How to map control library from frameworks to internal control, also known as your policy statement
- Select the Control Library Tab from the horizontal navigation bar in the Policy Management Module.
- Select the Control References to map to your Internal Control using the ‘check box’ option. NOTE: Multiple controls may be selected. 3. Select Map to Internal Control button.
- In the Map to Internal Control Screen, use the look up option to select the desired Internal Control.
- Click Map Internal Control to complete
How to map internal control to policy
- Open the Internal Controls Tab on the horizontal navigation bar.
- Select and open the desired Internal Control record and click the ‘Edit’ button.
- Populate the Policy Section using the look up menu to map the internal control to the desired policy. Then click Save.

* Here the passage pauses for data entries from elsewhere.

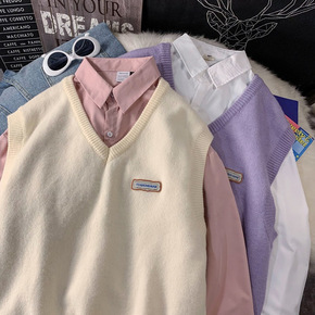 外搭jk马甲背心女针织衫秋冬慵懒甜美别致春秋v领毛...
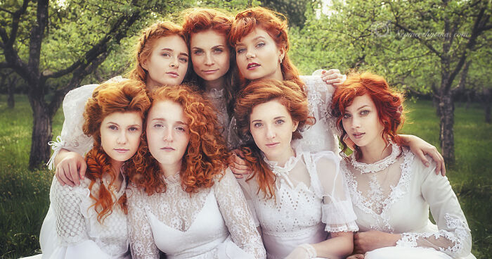 I’ve dressed up seven redhead ladies in authentic lace vintage dresses. Picked up the right props and found a spectacular location, suitable for my photo series. It should have been a white blooming apple garden. But, unfortunately, a strong wind in the evening blew all the flowers away.
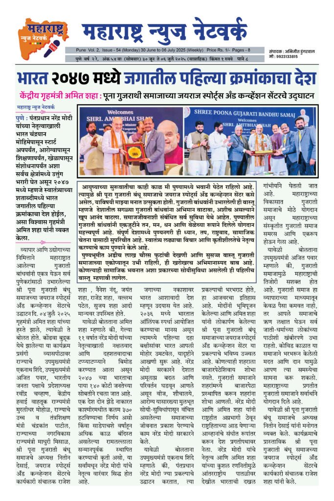 ← Back to Homepage Maharashtra News Netwrok 30 June To 06 July 2025 maharashtra jain warta • Maharashtra News Networks, MNN - Weekly Issue • August 4, 2025 📥 Download News PDF Spread the love महाराष्ट्र न्युज नेटवर्क

How to submit a policy for approval
- When the policy is ready to be published, in the policy record, select the Submit for Approval button.
How to approve or reject a policy review
- The Reviewer will receive an email prompting review of the policy.

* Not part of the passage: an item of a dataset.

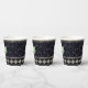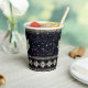 A Nordic-inspired holiday pattern featuring green and metallic trees and snowflakes on a dark background. Folk motifs and subtle shimmer add festive flair to your party drinkware.

- In the policy record, got to the Approval History section. Select the Reassign, Approve, or Reject.
- If ‘Re-assign is chosen, select the Policy Owner from the look up menu in the Re-assign Approval screen, add any comments and select ‘Re-assign Approval Request’.

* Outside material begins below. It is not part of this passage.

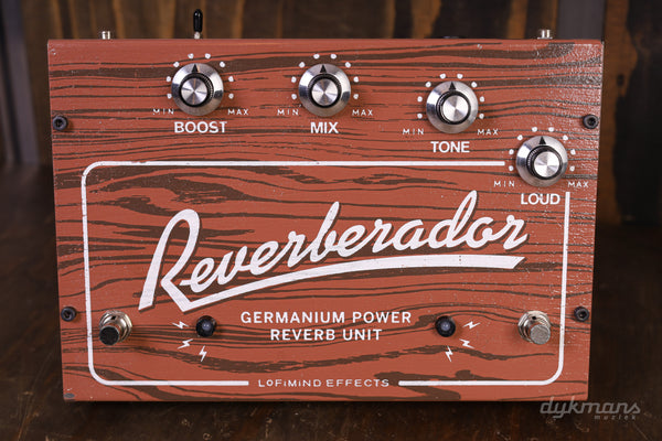 De LofiMind Effects Reverberador is één van de meest unieke pedalen die wij ooit hebben gezien. Deze analoge reverb bevat een echte springveer en een analoge Germanium preamp vol mojo. De Reverberador is alles behalve een nette, hifi reverb; het is een smerige, onvoorspelbare, Neil Young-achtige galm die je onmiddellijk in een creatieve modus brengt. De ingebouwde preamp heeft opvallend veel headroom en is in staat om je versterker een flinke optater te geven. De controls zijn eenvoudig: de reverb heeft een mix-, tone- en volumeregelaar en de boost is onafhankelijk te schakelen met zijn eigen volumeregelaar. Aan de achterkant vind je een kill dry-switch zodat je het pedaal bijvoorbeeld als insert kunt gebruiken in de studio.

- If the ‘Approve/Reject’ is selected, add any comments in the ‘Approve/Reject’ screen and select either ‘Approve’ or ‘Reject’.
- The Policy Owner and Author will receive and email notification that the policy has been approved and published or rejected and requires further action.
- If the policy is approved, the policy record status will automatically change to ‘Published’
The policy contact section is to assign individuals who will need to provide policy consent when the policy is published. The system will email the contacts either manually or automatically when Policy Consent Notification is kick off. To automatically kick off policy consent, contact email@example.com to turn on this automation. To manually kick off the consent, follow the steps under Policy Consent. See details on the policy consent workflow under policy consent section.
How to assign Policy Contacts
- Go to the Contact tab
- Select all the contact to assign to policy
- Click on the button Map to Policy Contacts
Note: When mapping contacts to policy, you can only map up to 100 contacts at a time.
This process collects acknowledgments for published policies and maintains an audit log for Policy Training and Awareness. The system will email each Policy Content a training request. The training page will have a link to the actual policy document and any additional training material link you want to add. Each contact is required to submit their consent at least annually for audit trail.